Pas pour notre pays seulement, je pars d’un contexte général. Je me suis d’abord intéressée spécifiquement au cas Mitterrand comme objet d’analyse principal. L’ancien président français était un homme fascinant à tout point de vue. C’est une personne insaisissable qui a pratiquement occupé la scène politique française pendant 50 ans. Sous l’angle de la science politique, Mitterrand est le prototype achevé du prince de Machiavel. Je le souligne dans le chapitre 18 du livre qui traite de la raison d’État, du respect de la parole donnée et de la liaison entre la morale et la politique, sur ce plan là, c’est intéressant. Pour le juriste que je suis, c’est d’autant plus intéressant que le cas Mitterrand a produit une très abondante jurisprudence, une jurisprudence avec une procédure qui a pratiquement duré dix ans et qui s’est terminée devant la Cour européenne des droits de l’Homme qui a donné quelque part raison au médecin, même s’il admet que celui-ci a violé le secret professionnel. Pour lui, on devait poser ce débat éthique d’intérêt général pour que les citoyens sachent si l’homme qui est à la tête du pays est capable de remplir les fonctions pour lesquelles il a été désigné. Deuxième chose qui a poussé la Cour européenne des droits de l’Homme à autoriser encore le livre du Dr Gabeleur, c’est la consécration d’une liberté fondamentale dans une démocratie, fondamentale autant pour les citoyens que pour vous les journalistes : la liberté d’expression. Donc ce sont des choses qui m’ont poussée vers le cas François Mitterrand
Mais il faut dire que chez nous, le cas de l’ancien président sénégalais Abdoulaye Wade a soulevé des vagues…

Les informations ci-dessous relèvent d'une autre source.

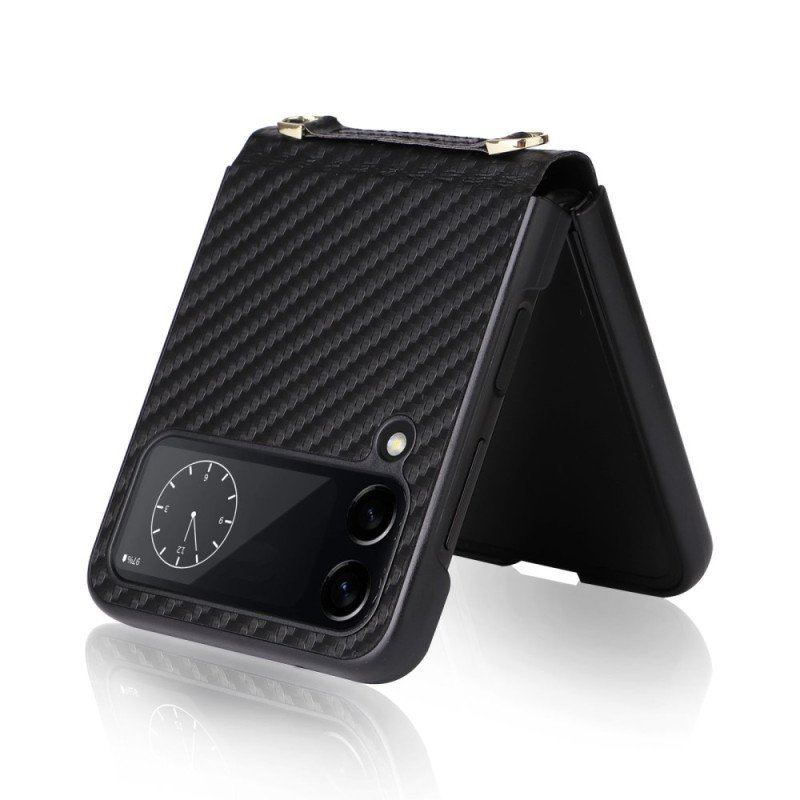 Din Samsung Galaxy Z Flip 4 5G Är Perfekt Säker Med Detta Plastfodral Med Kolfiberstruktur Med Axelrem.
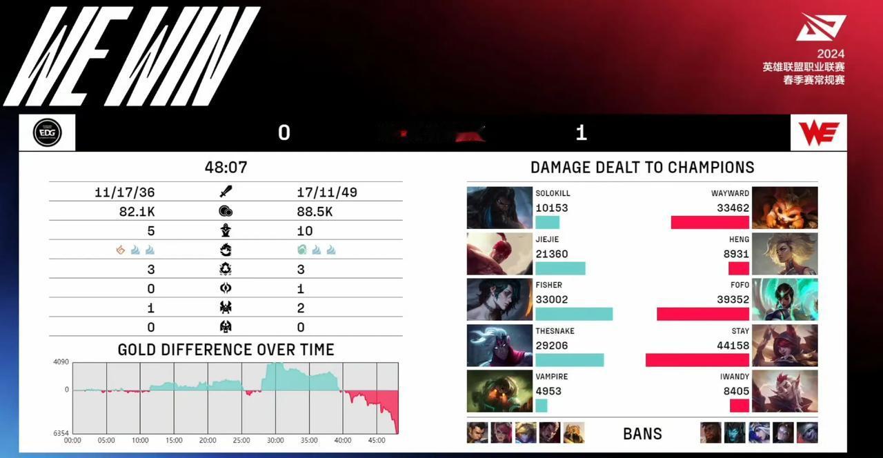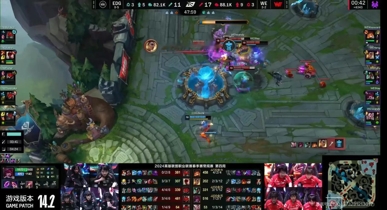 EDG的比赛,真就全是享受!Jiejie太累了,真该好好休息一下了[尬笑][尬笑][尬笑] 2024 LPL春季赛EDG vs WE,第一局比赛EDG再现大优势被翻盘,中期一度领先4K经济,并成功拿下了大龙,但中期一波突然发病直接把优势全送没了,紧接着就是被翻盘 看完比赛,只想说Jiejie快跑吧,如今的EDG跟个牢笼没啥区别了,继续留下只能是徒劳地浪费自己的职业生涯 其实作为EDG粉丝早就该看开了,毕竟曾经也算风光过,该拿到的荣誉都拿到了,就随他去吧,摆烂就摆烂吧[流泪][流泪][流泪] #英雄联盟[超话]#

Je l’ai évoqué dans le livre, mais je ne voudrai pas m’étendre là-dessus, je laisse ceux qui liront le livre apprécier les idées que j’ai émises sur ce cas, d’autant plus qu’on n’a pas d’éléments d’appréciation probants concernant le cas Wade. Tout ce que je peux dire c’est que c’était un président âgé et l’âge quand même constitue un handicap.
Actuellement comment se porte votre ouvrage ?
Je n’ai pas encore eu l’opportunité d’en faire la promotion. Permettez-moi au passage de saluer chaleureusement le président de l’Assemblée nationale, M. Moustapha Niasse qui s’intéresse beaucoup à l’éthique, de même que mon ministre, le professeur Eva Marie Coll Seck. En matière de transparence, il faut concilier des intérêts contradictoires, mais surtout veiller à ne pas dépouiller les institutions et les hommes qui les incarnent des atours, des attributs, des apparats qui symbolisent et sacralisent la République.